Gli
inadempimenti configuranti una giusta causa di recesso legittimano il licenziamento
della lavoratrice in maternità. E’ quanto ribadito dal Tribunale di Udine nell’Ordinanza
n.788 del 31 dicembre 2014.
La
donna, inquadrata come dirigente, aveva dedotto che, cambiato il C.d.A. della
società resistente, il nuovo amministratore
delegato aveva espresso critiche nei suoi confronti, invitandola a decidere
come risolvere il contratto di lavoro.
Successivamente,
la società aveva intimato alla ricorrente la risoluzione del rapporto di lavoro
per motivi oggettivi, ma tale recesso era risultato nullo, in quanto irrogato
durante il periodo di gravidanza della dipendente.
Preso
atto della comunicazione con la quale la ricorrente aveva informato il datore
di lavoro del suo stato di gravidanza, detto licenziamento era stato revocato.
A
revoca ottenuta, però, l’azienda aveva avviato nei confronti della dirigente un
procedimento disciplinare, al termine del quale era stato intimato alla donna
il licenziamento per giusta causa.
Chiamato
a dirimere la controversia, il giudice del lavoro ha preliminarmente osservato
come, dall’istruttoria svolta nella fase sommaria, non possa ritenersi sussistente la natura discriminatoria
del recesso prospettata dalla ricorrente.
Come
ripetutamente chiarito dalla giurisprudenza di legittimità, nel caso di
licenziamento ritorsivo o discriminatorio è onere del lavoratore dimostrare che
l’intento discriminatorio abbia avuto efficacia determinativa esclusiva della
volontà del datore di lavoro.

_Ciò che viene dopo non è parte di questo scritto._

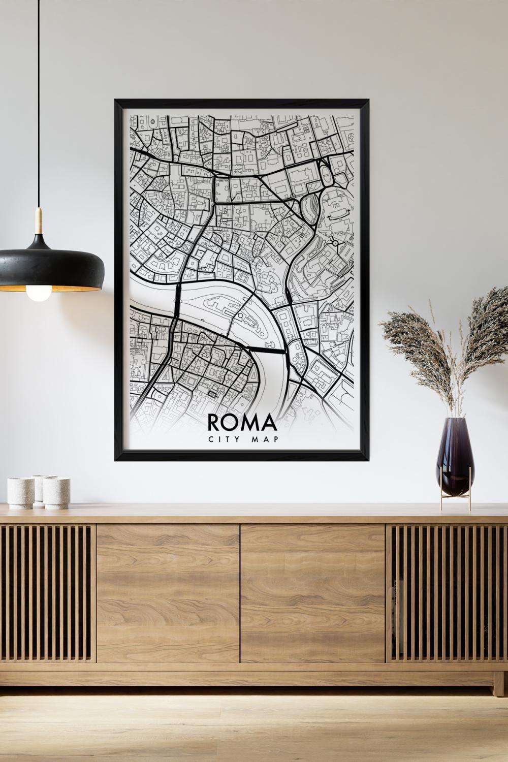 Tek Parça Siyah Çerçeve Görünümlü "Roma Beyaz" Harita Mdf Tablo - ARTAVESSACTYMAP19
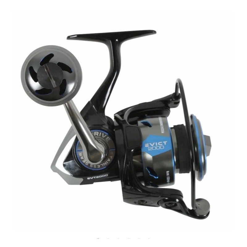 Evict Spinning Reels are compact power plant and sized for attacking the toughest game fish swimming your waters. Tsunami’s S-Drive Stainless Steel Gear System delivers smooth and extremely durable cranking power. 7 sealed ball bearings plus anti reverse clutch prevent salt, sand, and other debris from fouling while also maintaining superior gear alignment and smooth operation. Evict reels are built with CF3 Carbon Drag Systems that applies smooth, even pressure across a wide curve. All Evict reels come standard with an aluminum power knob and the 2000, 3000, and 4000 models have an EVA paddle knob included for light tackle finesse fishing.
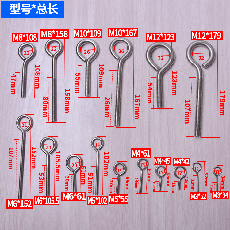 ステンレス304羊眼ねじボルト吊りリング円ねじフック付きねじM3/4/5/6/8/10/12
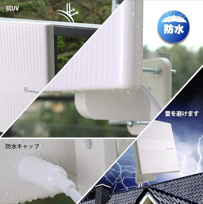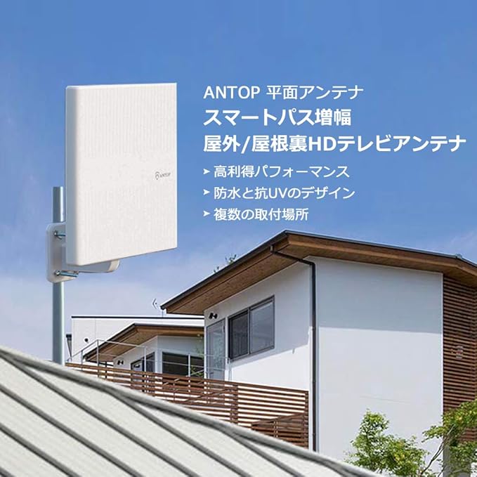 ANTOP 地デジアンテナ テレビアンテナ 室外 uhfアンテナ 地上デジタル放送アンテナ TVアンテナ 平面アンテナ 360 全方位受信 88KM受信範囲 軽量 取付カンタン 防水 抗UV 高耐久 AT-JP413

Intento, del quale, nel caso di specie, la
ricorrente non aveva fornito la prova.
E’
vero, infatti, che alla dirigente era stato inizialmente intimato un recesso
per giustificato motivo oggettivo, poi
revocato una volta che la stessa aveva ufficializzato lo stato di gravidanza,
tuttavia, successivamente, previa contestazione degli addebiti, la società
aveva irrogato un licenziamento per giusta causa, che, quando sussistente,
risulta idoneo a legittimare il recesso durante il periodo di gestazione.
A
proposito del primo licenziamento, il
giudicante ha osservato che, dagli atti prodotti in causa, era emersa solamente la precisa volontà dell’amministratore
delegato di dare un nuovo corso alla gestione dell’azienda, sostituendo quindi
la dirigente non con finalità discriminatorie, bensì per la mancata
condivisione dell’operato di quest’ultima.
Conseguentemente,
la volontà espulsiva non può considerarsi sorretta da un intento
discriminatorio nei confronti della lavoratrice madre.
Chiarita
la natura del primo recesso, il Tribunale ha quindi affrontato la questione
inerente alla supposta insussistenza della giusta causa nel secondo provvedimento.
A
questo proposito, il giudice ha osservato come la sommaria istruttoria svolta
avesse sostanzialmente comprovato la sussistenza dei fatti contestati alla
ricorrente, ovvero l’utilizzo di risorse e materiale aziendale ed il ricorso ai
consulenti dell’impresa per fini personali, tutte condotte idonee a configurare
giusta causa di recesso.
Per
tutte le riportate considerazioni, il giudice del lavoro, respinte le domande
proposte dalla ricorrente, ha ritenuto legittimo il licenziamento.